(Your objective): Write out the lines of the material below exactly, beginning at the line with "we stand.) |" and stopping after the line with "(Providence, Rhode Island;", and leave out the pictures.

(Input data):
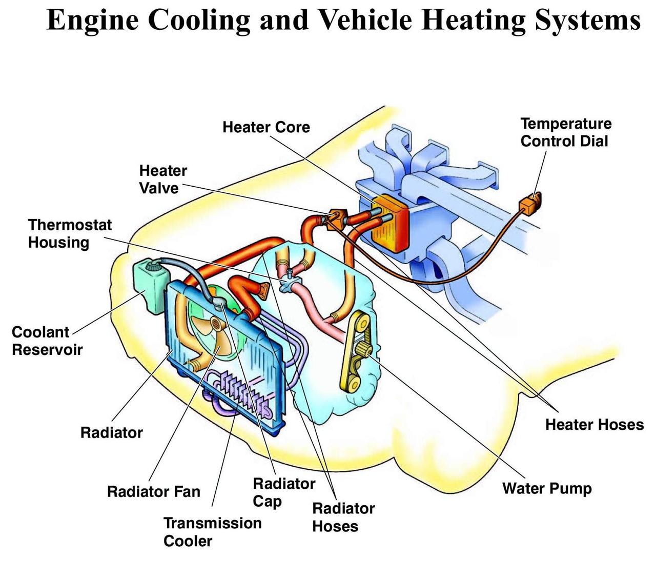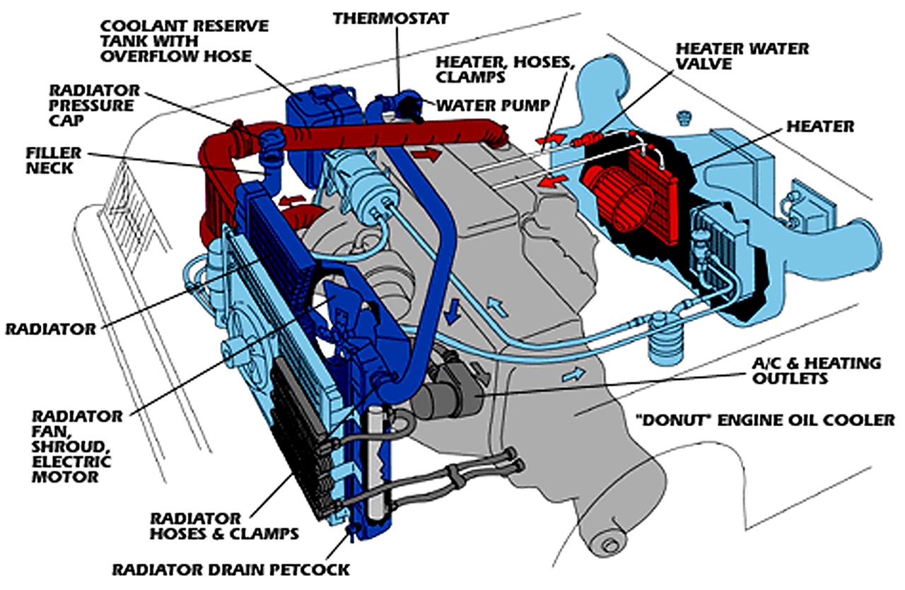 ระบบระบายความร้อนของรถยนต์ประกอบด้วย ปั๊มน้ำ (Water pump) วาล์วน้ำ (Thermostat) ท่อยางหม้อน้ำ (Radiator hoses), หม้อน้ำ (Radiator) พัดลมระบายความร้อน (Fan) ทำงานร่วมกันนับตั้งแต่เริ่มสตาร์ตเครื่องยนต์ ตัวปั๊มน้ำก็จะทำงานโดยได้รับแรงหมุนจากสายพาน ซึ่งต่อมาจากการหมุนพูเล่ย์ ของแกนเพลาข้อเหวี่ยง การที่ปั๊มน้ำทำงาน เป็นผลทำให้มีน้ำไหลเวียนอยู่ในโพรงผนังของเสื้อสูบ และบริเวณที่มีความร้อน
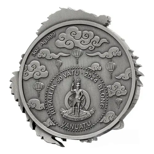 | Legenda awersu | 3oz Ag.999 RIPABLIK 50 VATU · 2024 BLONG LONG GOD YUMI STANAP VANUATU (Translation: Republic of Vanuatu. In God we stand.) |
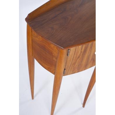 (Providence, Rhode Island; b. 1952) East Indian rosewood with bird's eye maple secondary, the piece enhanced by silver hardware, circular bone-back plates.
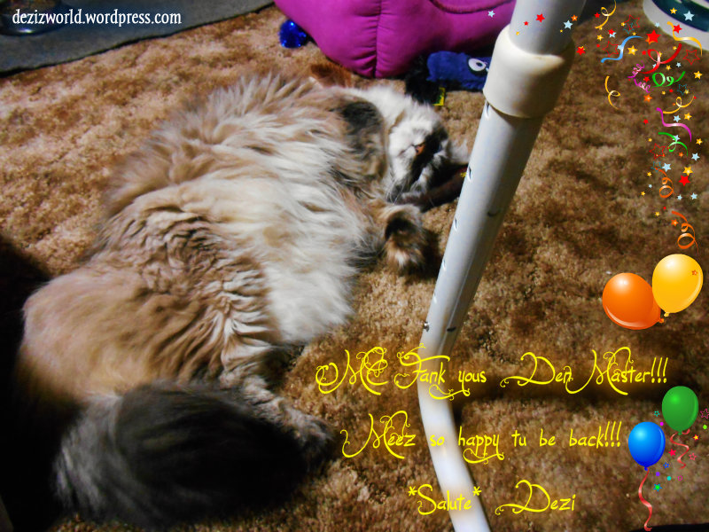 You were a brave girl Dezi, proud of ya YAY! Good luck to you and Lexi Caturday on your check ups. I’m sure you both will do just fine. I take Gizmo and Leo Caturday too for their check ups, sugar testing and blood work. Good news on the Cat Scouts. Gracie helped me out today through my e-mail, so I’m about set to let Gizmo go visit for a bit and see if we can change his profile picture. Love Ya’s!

(Task response):
 | Legenda awersu | 3oz Ag.999 RIPABLIK 50 VATU · 2024 BLONG LONG GOD YUMI STANAP VANUATU (Translation: Republic of Vanuatu. In God we stand.) |
 (Providence, Rhode Island; b. 1952) East Indian rosewood with bird's eye maple secondary, the piece enhanced by silver hardware, circular bone-back plates.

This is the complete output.